• _SUPPLIED INFORMATION_:
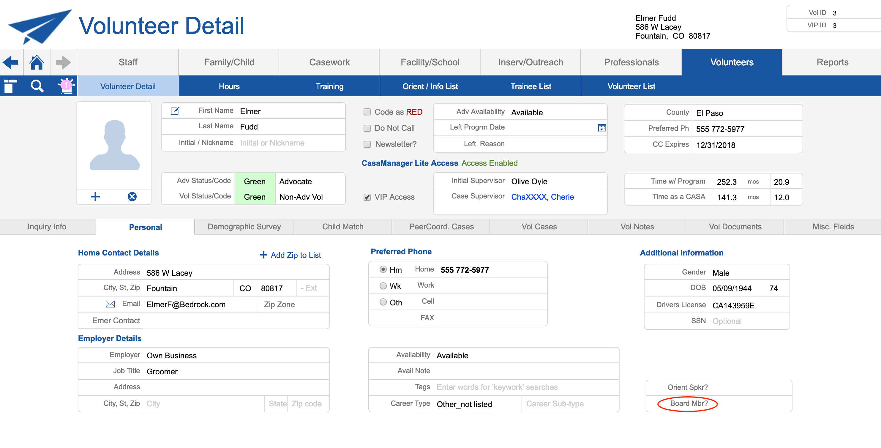 1. Volunteers>Volunteer Detail>Personal>Board Mbr?
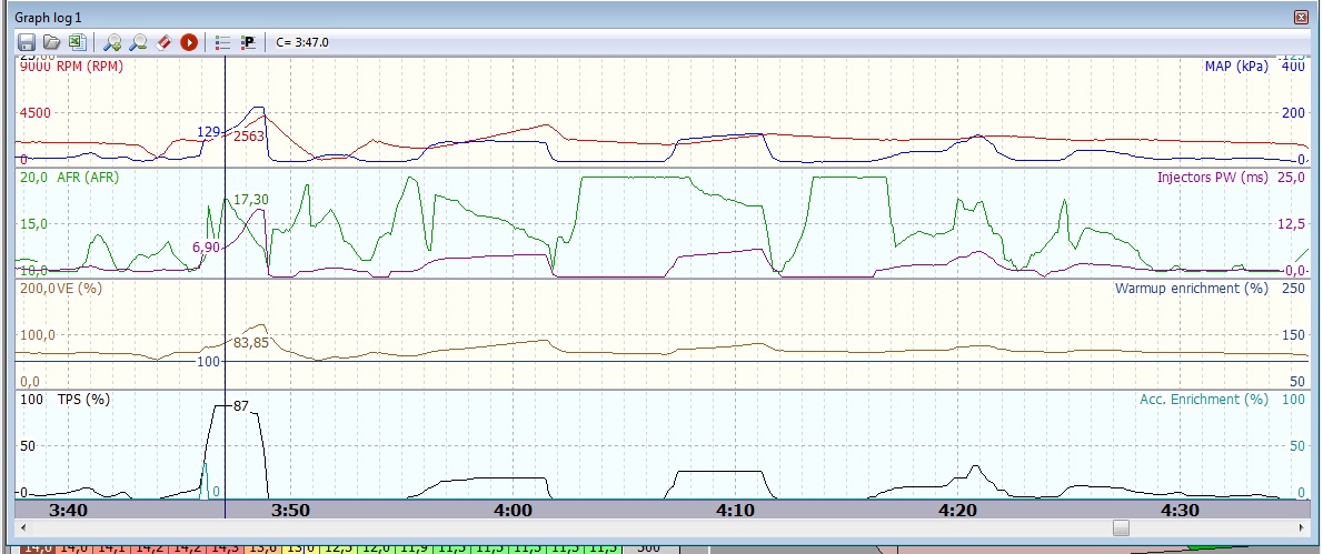 There seems to be no correspondance between target afr and actual afr. Gauge shows the same as the graf, so it is correct.
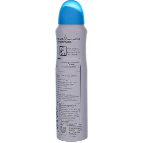 Details: Have you been wondering how to get soft armpits? Try Dove Dry Spray Antiperspirant Deodorant Nourished Beauty 3.8 oz. A pampering antiperspirant spray infused with a crisp apple, citrus and floral powder fragrance, it leaves your underarms feeling soft and smooth. This antiperspirant dry spray goes on completely dry too, meaning you can save time in the mornings by getting dressed immediately after application. This Dove Dry Spray, with Dove 1/4 moisturizers and an alcohol (ethanol) free, dermatologically tested formula, is kind on skin and helps delicate underarm skin recover from the irritation that regular shaving can cause. After a few uses, you'll notice not only that your underarm skin looks and feels smoother, but that this spray goes on completely dry too - a daily time-saver that's handy when you're in hurry. Although it cares for your skin, this Dove antiperspirant deodorant doesn't compromise on antiperspirant protection. Dove Dry Spray Antiperspirant Deodorant Nourished Beauty keeps you dry and fresh all day with up to 48 hours of antiperspirant protection. To use, spray each underarm with two or three short bursts from about 6 inches away. This handy antiperspirant dry spray dries immediately, so you can get dressed without delay. At Dove, our vision is of a world where beauty is a source of confidence, and not anxiety. So, we are on a mission to help the next generation of women develop a positive relationship with the way they look - helping them raise their self-esteem and realize their full potential. Ingredients Active Ingredient: Aluminum Chlorohydrate (20.2%). Inactive Ingredients: Butane, Hydrofluorocarbon 152a, Cyclopentasiloxane, Isobutane, PPG-14 Butyl Ether, Helianthus Annus (Sunflower) Seed Oil, Disteardimonium Hectorite, C12-15 Alkyl Benzoate, Fragrance (Parfum), Propane, BHT, Octyldodecanol, Propylene Carbonate, Dimethiconol, Tocopheryl Acetate. Instructions Shake well before each use. Hold can 6 inches from underarm.
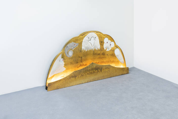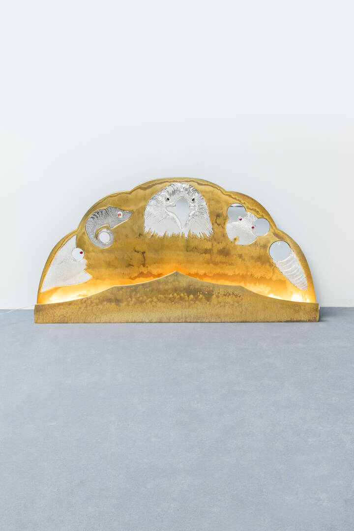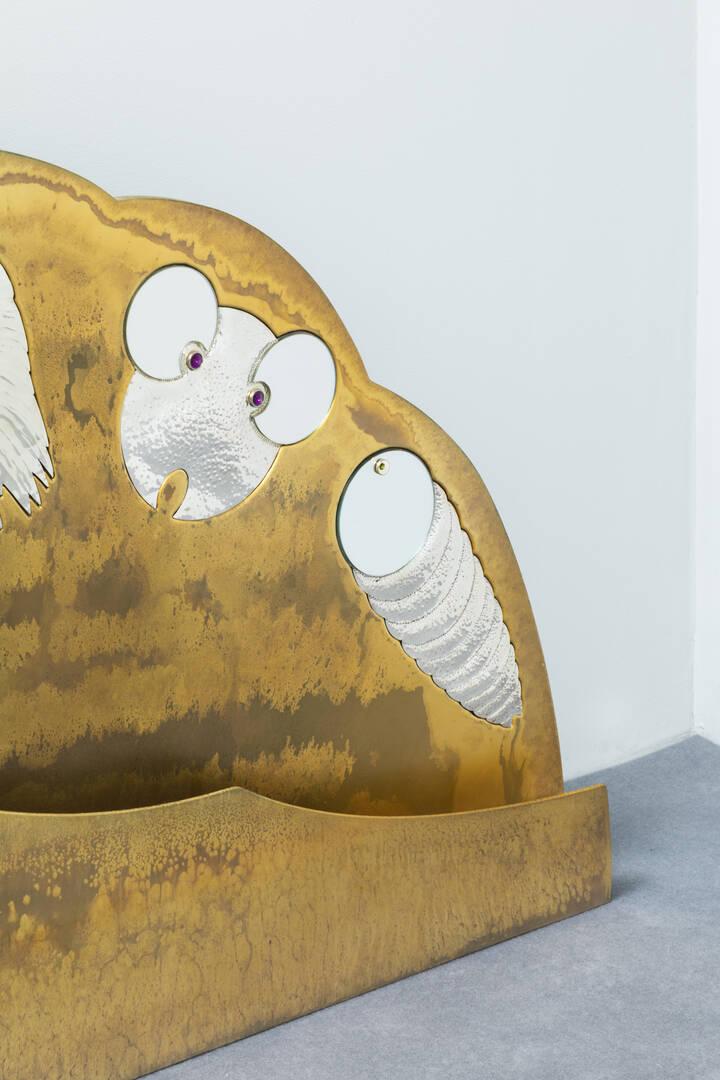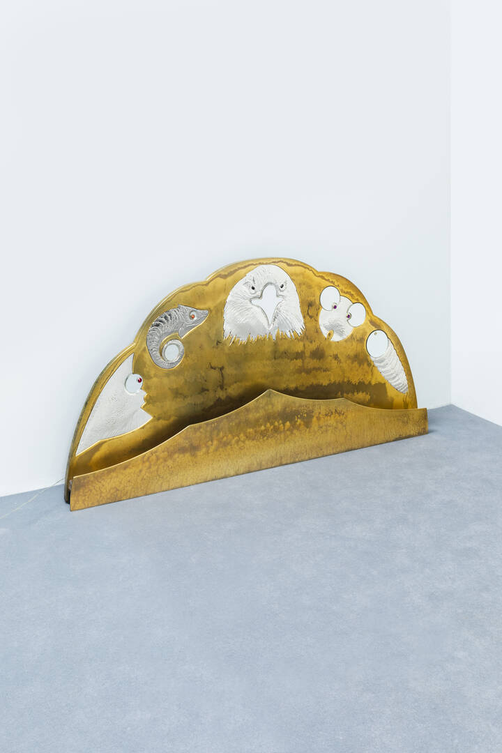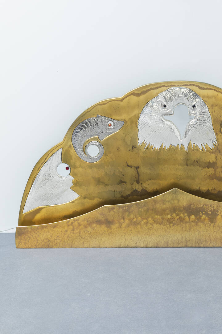 Testiera porta riviste con animali "acqua, terra aria". Fondo laccato, animali in bronzo argentati.

• _WHAT IS REQUIRED_: Would you copy, exactly, each line from the start of the listing above through the line with "There seems to", both ends included, but none of the pictures?

• _ANSWER SECTION_:
 1. Volunteers>Volunteer Detail>Personal>Board Mbr?
 There seems to be no correspondance between target afr and actual afr. Gauge shows the same as the graf, so it is correct.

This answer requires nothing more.